Rewriting Git history demands changing all the affected commit ids, and so everyone who’s working on the project will need to delete their old copies of the repo, and do a fresh clone after you’ve cleaned the history. The more people it inconveniences, the more you need a good reason to do it – your superfluous file isn’t really causing a problem, but if only you are working on the project, you might as well clean up the Git history if you want to!
To make it as easy as possible, I’d recommend using the BFG Repo-Cleaner, a simpler, faster alternative to git-filter-branch specifically designed for removing files from Git history. One way in which it makes your life easier here is that it actually handles all refs by default (all tags, branches, etc) but it’s also 10 – 50x faster.
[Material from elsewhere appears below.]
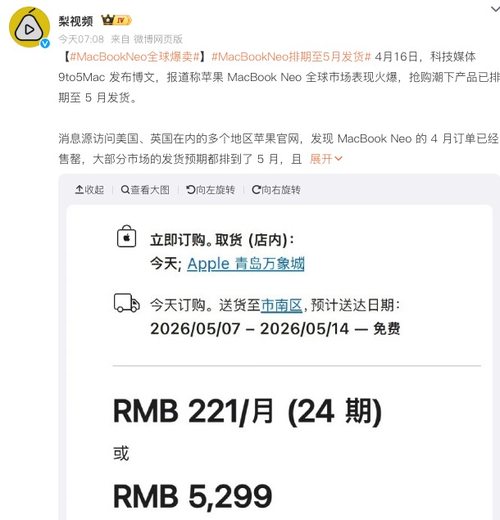 苹果MacBook Neo需求爆火:官网交付延至5月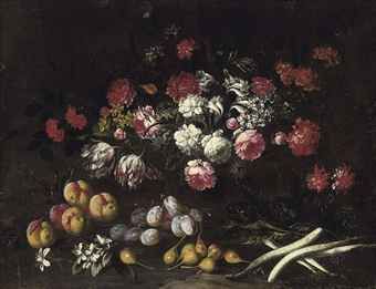 | Roses, tulips and other flowers, with peaches, plums, figs, artichokes and asparagus | |

You should carefully follow the steps here: http://rtyley.github.com/bfg-repo-cleaner/#usage – but the core bit is just this: download the BFG jar (requires Java 6 or above) and run this command:
$ java -jar bfg.jar –delete-files filename.orig my-repo.git
Your entire repository history will be scanned, and any file named filename.orig (that’s not in your latest commit) will be removed. This is considerably easier than using git-filter-branch to do the same thing!
Multiple Branches getting into the commit
There was also a problem of multiple branches getting into the commit and being merged later.
For that we did a rebase. However when we do a rebase note that all the nodes (commits) from the point of the rebase gets rehashed. You have to tell all the users of your codebase to checkout the project again.
command for that is:
git rebase <commit where branching started>